This is from an old thread on: Is it Ok to polish live ammo in a tumbler? - THR

So at least one (and I think most likely, all) manufacturer(s) polish loaded ammo.

September 19, 2005, 10:14 PM
I can attest that we too have been tumbling live ammo for about 30 years, without incedent. There has been an issue on a decapping machine once, before I was even born, and of course you can't avoid the occasional primer pop in an ammo load when you run millions of rounds a year. We tumble litterally millions of rounds a year, live, without incident.

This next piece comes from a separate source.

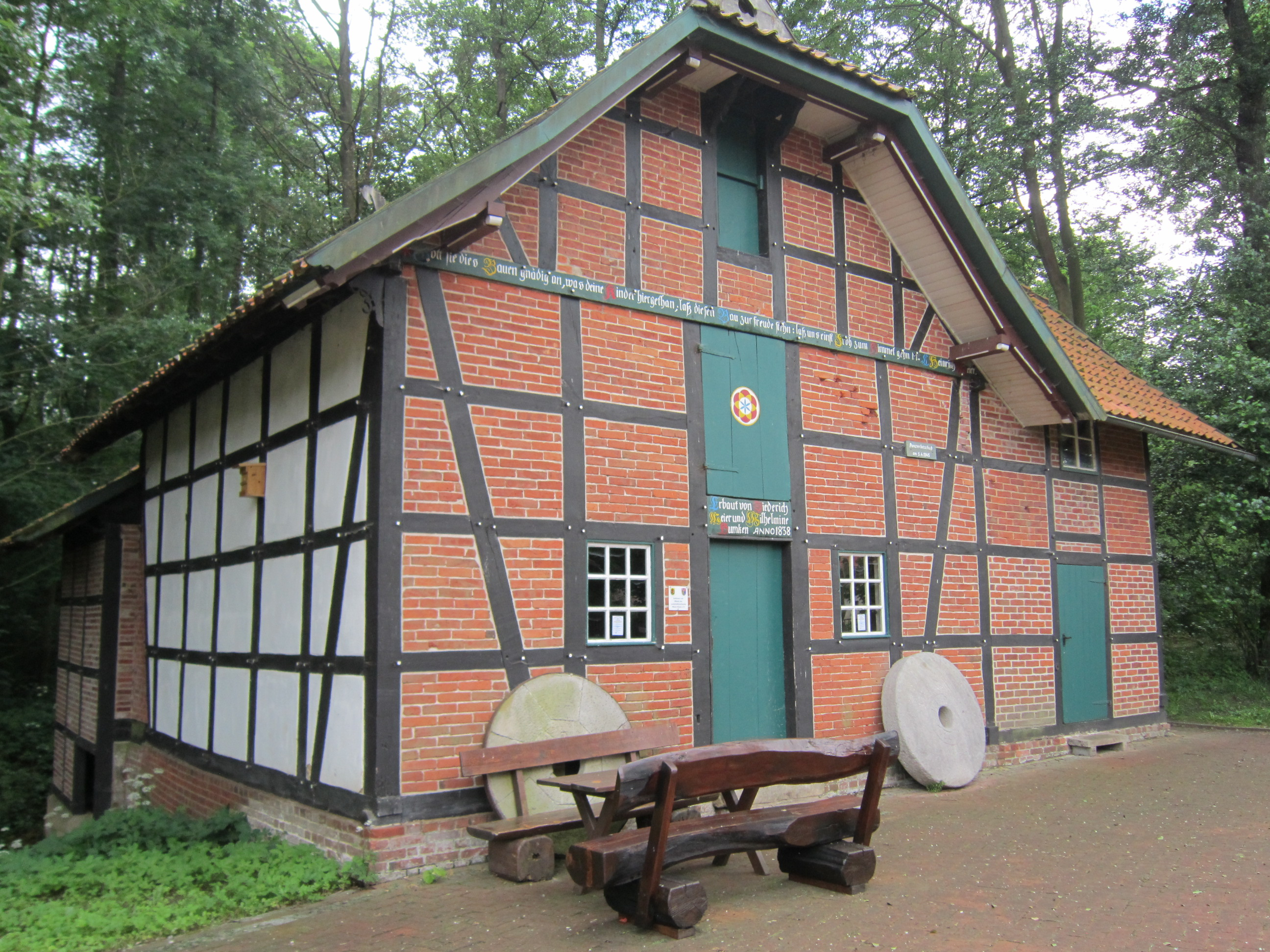 Watermill in Harrienstedt (Landkreis Nienburg, Lower Saxony)

You have to of course tumble them with the proper amout of product, walnut shell, corn cob or what have you. If not, you may end up with more tiny dents in larger cases (45-70) than you would like.

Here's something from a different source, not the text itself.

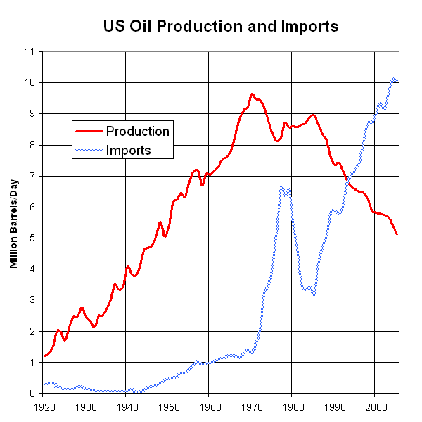 United States petroleum production and imports, 1920 to 2005; data from the Energy Information Administration of the United States Department of Energy

Remember that rounds like 9mm and such have a small volume inside the case the ISN'T filled with powder. Powder is SO light and HARD that I could not possibly see it breaking itself down with just a slight area to move in. I mean, you would probably have to shake a half full keg VERY hard for quite a while to develop a sufficient amount of wear on the powder to matter.

I suppose if I HAD to worry about something, it would be with a long grained powder. The would tend, based totally on physics to break more easily than a typical ball powder. Obviously if one grain struck another right in its center with its own tip, it would potentially have enough of a 'lever arm' to snap the other grain.

I would say, if you are tumbling slowly enough, with enough 'polising compound' you will be more than fine. No need to be turning ammo at 1800 RPM if you know what i mean! [/quote]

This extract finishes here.